5. O povo e as eleições
Para fundamentar a nossa analise acerca da questão eleitoral é preciso que o problema seja analisado partindo da nossa realidade concreta. Como o povo tem reagido as eleições? Essa é uma questão de grande importância para os revolucionários, pois é o terreno sobre o qual vamos atuar com a mobilização, politização e organização a serviço da revolução. É uma verdade já conhecida que as democracias liberais estão passando por uma dura crise de legitimidade, os povos de todos o mundo estão rejeitando o engodo imperialista e se levantando em grandes lutas contra o atual estado de miséria e exploração.
Aqui no Brasil não tem sido diferente, a última eleição presidencial serve como exemplo para ilustrar o problema: Somando os votos nulos e brancos com as abstenções, houve um contingente de 42,1 milhões de eleitores que não escolheram nenhum candidato, cerca de um terço do total. Basta ir as ruas e dialogar com as massas mais profundas dessa semicolônia que já é o bastante para constatar a rejeição dos populares pela farsa eleitoral e aos políticos desse velho Estado. O papel dos revolucionários nessas circunstâncias é incentivar o que já está “a meio caminho”, a ruptura com as ilusões democrático-burguesas elevando a consciência das massas e partindo das suas insatisfações imediatas contra toda essa ordem.

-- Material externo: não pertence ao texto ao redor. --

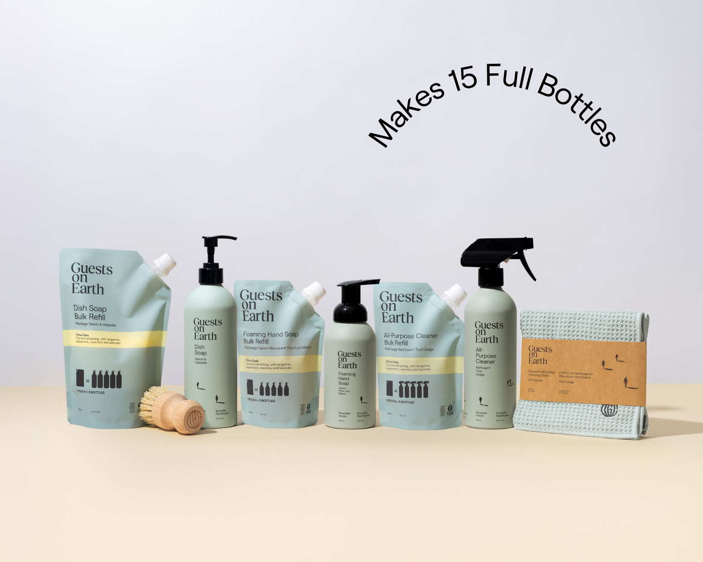 Water to the fill line of the reusable vessel.

O Estado burguês–latifundiário tem passado por um processo de reacionarização como parte da sua resposta à crise, promovendo uma verdadeira guerra civil reacionária no campo (contra os camponeses pobres, indígenas e quilombolas) e nas periferias da cidade (principalmente contra os pobres e negros). Na mesma medida tem crescido a revolta popular, a insatisfação e o desejo de mudança e é sobre essa base que atuamos chamando o boicote a farsa eleitoral e a construção da revolução.
6. O caminho da revolução
Num país semicolonial pela sua condição de dominado pelo imperialismo, onde se desenvolve um capitalismo burocrático tendo como base o latifúndio e as subjacentes relações semifeudais no campo, se confrontam dois caminhos: o caminho democrático revolucionário e o caminho burocrático reacionário.
O caminho burocrático é onde está incluída a farsa eleitoral e todas as soluções burocráticas atadas ao velho Estado representando as posições das classes dominantes para a manutenção da ordem. O caminho democrático revolucionário é o que expressa a revolução democrática agrária e anti-imperialista ininterrupta até o socialismo, é o caminho da Nova Democracia, do poder operário e camponês que avança pela via da violência revolucionaria contra toda velha ordem.
É ao caminho democrático revolucionário que pertence o boicote às eleições, a mobilização contra a farsa eleitoral em prol da construção da via revolucionária. É, portanto, dessa forma que os verdadeiros democratas revolucionários devem participar das eleições: boicotando, chamando o povo a não compactuar com a farsa eleitoral e propagandeando a revolução de Nova Democracia como única via pela qual será possível a dignidade, a igualdade, a paz e a liberdade para todos.
ABAIXO A FARSA ELEITORAL!
NÃO VOTE, LUTE PELA REVOLUÇÃO DE NOVA DEMOCRACIA!